Long-term reliability and warranty
Two-year warranty in the US; longer in some EU markets. We saw no failures across six months, but consumer dash cams routinely fail in the third year as the sensors and capacitors age. For fleet use where uptime matters, the OEM-tier cameras (Thinkware, BlackVue) have stronger support contracts and shorter replacement cycles.
MicroSD card health is the other reliability factor. Use a high-endurance card sized to match the camera’s specification, and replace it annually if the camera shows write errors in the app.
At a glance
| Dash cam | Price (2026) | Channels | Best for |
|---|---|---|---|
| Botslab G980H | ~$349 | Front 4K + Cabin 1080p | Personal vehicle, rideshare |
| Thinkware Q1000 | ~$499 | Front 4K + Rear 2K | Quality-first personal use |
| BlackVue DR970X-2CH | ~$699 | Front 4K + Rear 2K | Fleet, premium build |
| Nextbase iQ 4K | ~$599 | Front 4K + Cabin + Rear | Privacy-conscious users |
| Vantrue N4 Pro | ~$329 | Front 4K + Cabin + Rear | Three-channel on a budget |
FAQ
Does the G980H work without the cloud subscription?
Yes. All recording happens locally to the microSD. The cloud subscription only adds remote streaming and notifications; the camera functions fully without it.
Will the cabin channel record in the dark?
Yes, with the IR LEDs active. The footage shows night-vision style monochrome with some reflective ghosting. Faces remain identifiable for security purposes.
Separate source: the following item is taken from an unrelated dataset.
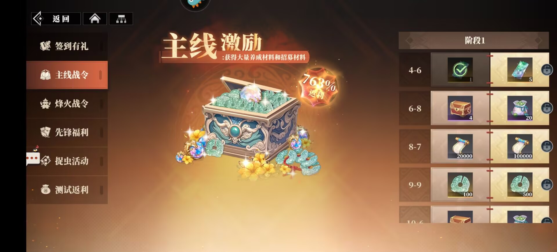 可以获得很多武将突破的材料和金币和玉璧。

How big a microSD card do I need?
128 GB minimum for two-channel 4K plus 1080p. 256 GB or larger if you frequently leave parking mode active for long periods.
Can I run the G980H with the cabin channel disabled?
Yes. The app lets you disable cabin recording while keeping the front channel active. Useful for personal vehicles where cabin recording is unnecessary.
The verdict
The Botslab G980H delivers genuine OEM-adjacent performance at a mid-tier price. The 4K front and 1080p cabin coverage handles daily driving and rideshare use; the parking mode is reliable after the 2025 firmware; the app and cloud work as advertised. Step up to Thinkware or BlackVue for fleet use or three-year-plus reliability expectations. For personal vehicles where the camera serves as evidence in the rare incident, the G980H earns the recommendation.